Co-Sponsor W.E.B. Du Bois Lecture Series
An Evening with Dr. Evelynn Hammonds of Harvard University
Location
On Campus : UC Ballroom
Date & Time
November 12, 2014, 7:00 pm – 8:30 pm
Description
Each year the Africana Studies Department sponsors its W. E. B. Du Bois Distinguished Lecture Series featuring prominent scholars, writers, and scientists speaking on topics of interest to the UMBC and greater Baltimore communities. This year our invited speaker is Dr. Evelynn M. Hammonds of Harvard University.
Dr. Hammonds is the Barbara Gutmann Rosenkrantz Professor of the History of Science and the Director of the Program for the Study of Race & Gender in Science & Medicine at the Hutchins Center for African and African American Research at Harvard University. She is also Professor of African and African American Studies, Assoc. Faculty of the MIT/Harvard Broad Institute, and a former Dean of Harvard College. She is the author ofChildhood’s Deadly Scourge: The Campaign to Control Diphtheria in New York City, 1880-1930 (1999). She is co-editor with Jennifer M. Shephard and Stephen M. Kosslyn of The Harvard Sampler: Liberal Education for the Twenty-First Century (2011) and, with Rebecca Herzig, of The Nature of Difference: Sciences of Race in the United States from Jefferson to Genomics (2008). Dr. Hammonds has published articles on the history of disease, race and science, African American feminism, African-American women and the epidemic of HIV/AIDS and analyses of gender and race in science and medicine.

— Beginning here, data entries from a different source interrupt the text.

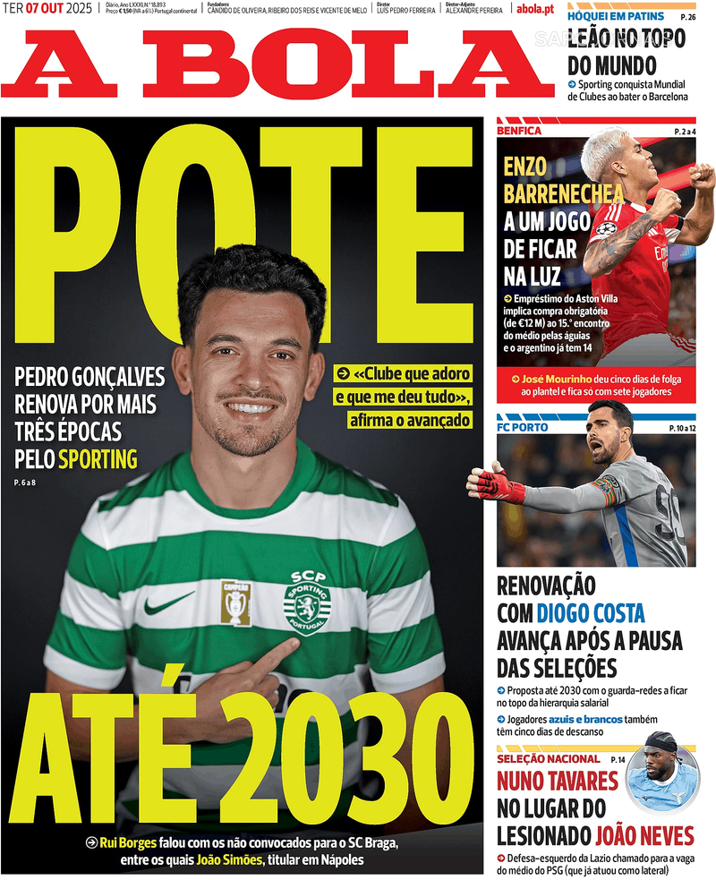 O jornal 'A Bola' dá conta da renovação de contrato de Pedro Gonçalves com os bicampeões nacionais por mais três temporadas.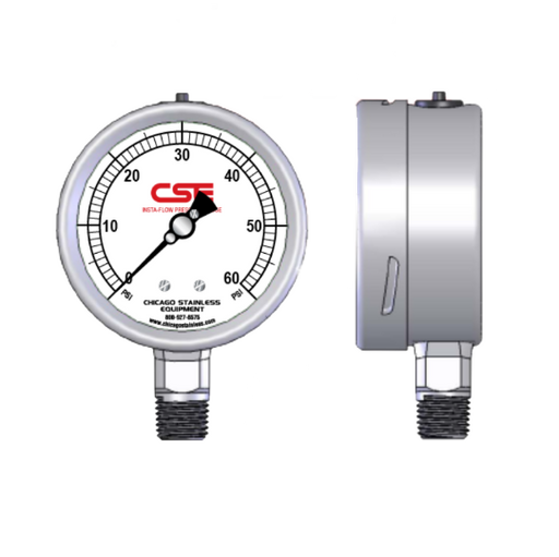 Chicago Stainless Insta-Flow SS Industrial Pressure Gauge, 0-60PSI, 1/4" NPT, Glycerin Filled, Bottom Mount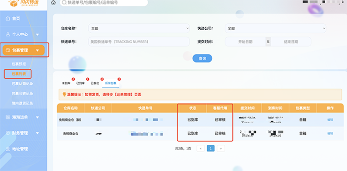 • 查状态 :预报后,回到“包裹管理”→“包裹列表”,关注状态变化。当显示“已入库”+“已审核”,说明仓库已确认包裹无误,可以申请发货啦!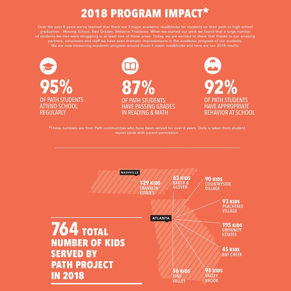 The project's recent stats speak to its success. According to The Path Project's 2018 annual report, 100% of the 4th and 5th graders in the project's first community are on track academically (using United Way metrics on grades, behavior, and attendance). Between 2011 and 2016, graduation rates jumped from 35% to 88%, and around 90% of students in that mobile park are currently on track to graduate—an improvement of 100% in the past four years.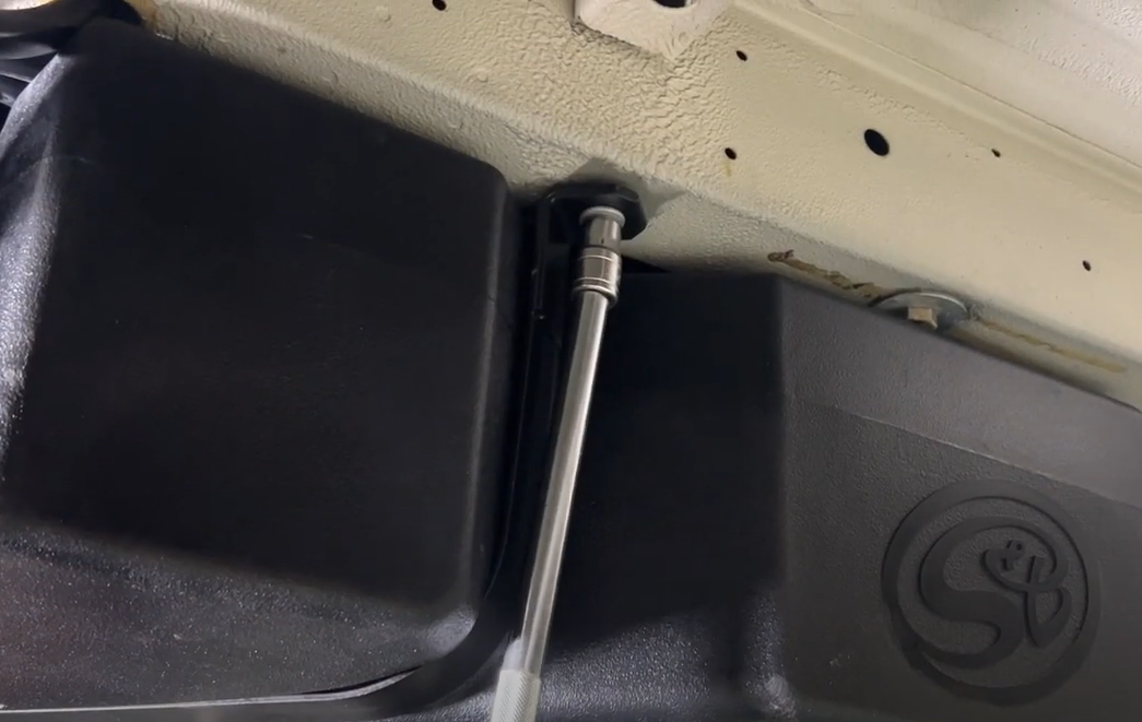 Starting with the rear strap, install all 4 S&B Tank straps. The rear strap will use the included gold bolts and the other 3 straps will use the OEM bolts.

Dr. Hammonds’ topic for our 36th Annual Du Bois Lecture is "W.E.B. Du Bois and the Challenge to Scientific Racism”. Her talk will be on Wednesday, November 12, 2014 at 7:00 p.m. in the University Center Ballroom. The 2014 lecture is being co-sponsored by a wide range of on-campus partners, including the Social Sciences Forum, the Office of the Dean of the College of Arts, Humanities, and Social Sciences, the Division of Undergraduate Academic Affairs, the Honors College, the Meyerhoff Scholars Program, the Department of Gender and Women’s Studies, the Department of Psychology, the McNair Scholars Program, PROMISE: Maryland’s Alliance for Graduate Education and the Professoriate (AGEP), andthe Meyerhoff Graduate Fellows Program (NIH-IMSD Program).